Today my cortex caught on fire. This really sucked because today is the day before states. Anyway I just wanted to know why my cortex got fried. Our team just got a brand new cortex and I don’t want to fry it like the last one. The motor configuration consists of 4 flywheel motors, 4 drive motors, 2 intake motors, and 2 lift motors. In our double flywheel the left two motors are connected to ports 2 and 9 and the right two are connected to 4 and 7; our intake is connected to port 5 and 8, the lift to 3 and 6, and the four drive motors are y-wired to a power expander in which it goes to port 1 and 10.
This is just a theory but I think that my drive configuration caused the cortex to short. I don’t think that you can actually y-wire into a 2 wire port. I made it so that the 2 wire extension (going into the cortex) went into specific colors of the 3 wire extension (going into the “in” port of the power expander). The drive motors were connected to the same colors as the 2 wire extension. I understand if this is confusing.

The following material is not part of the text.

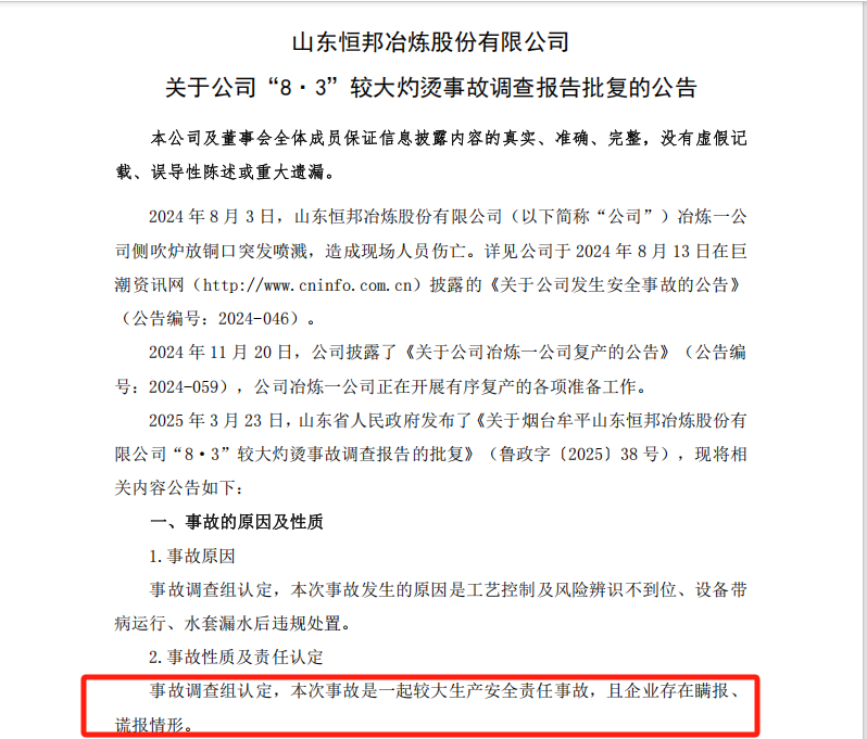 2025年3月23日,山东省人民政府发布的《关于烟台牟平山东恒邦冶炼股份有限公司“8·3”较大灼烫事故调查报告的批复》显示,事故调查组认定,本次事故是一起较大生产安全责任事故,企业存在瞒报、谎报的情形。

I also think that both the PTCs of the cortex probably shorted. Our robot is really, really. REALLY heavy so the drive motors probably need more current to drive the robot. When the drive motors are y-wired the electric current exceeds the 4 amps of the PTC and therefore the cortex catches fire.
These are probably not why my cortex smoked but its a theory, a VEX THEORY.
Please Help,
4768G
Could it have been exposed to anything other than a nice indoor environment such as wetness/moisture or potentially metal shavings or something if you were cutting metal? This happened to one of our teams a while back when they took their robot through the rain.
Not at all. I wanted to show my teammates the flywheel performance after I changed the PID constants the night before and that was when I started smelling burning plastic.
We had a cortex melt down when connected to a motor that had a short. Check for frayed wires along motor paths. I have heard also that sometimes shorts occur right inside the motor box from having wires pulled on.
I currently have a couple of Cortex that well have to go in for repairs.
Did this ever actually control all 4 drive motors correctly? Regardless, this configuration is almost certainly the problem. Don’t try to Y of off ports 1 and 10. Also don’t try to run ports 1 and 10 into the power expander.
We make it a policy on our teams that ports 1 and 10 are only used for low power, non-stalling, applications, since a $10 controller is much easier to replace than a cortex when it burns out. Also, inspect the wires carefully where they enter the motor because they tend to break at the strain relief and short out. The short at this point is the most common cause of magic smoke in a motor controller.
We had the built-in MC in port 1 burn out on a cortex earlier this year caused by the motors wires wearing thin and shorting out at the point where they enter to case.
ports 1 and 10 are H-bridge motor drivers that will directly drive a 2-wire motor. The power expander is looking for a digital signal going in, not a variable voltage from a motor drive. Also, not positive since I don’t have the schema, 1 and 10 drive power signals up to the battery level, not the required controlled 5 volt level.
I’d be surprised if you didn’t burn up the power expander too.
BTW, it is against the rules to Y-off of ports 1 and 10
In my clubs experience, cortexes will burn out like that every once in a while. For example, my team was testing 2 motors and the cortex stopped working and we smelled burnt electronics.
Y-cabling off ports 1 and 10 killed your cortex and the power expander. Custom made y-cables are illegal, custom wiring / electronics of any kind are illegal. Sometimes to prevent teams from having an advantage, sometimes to prevent teams from destroying valuable components.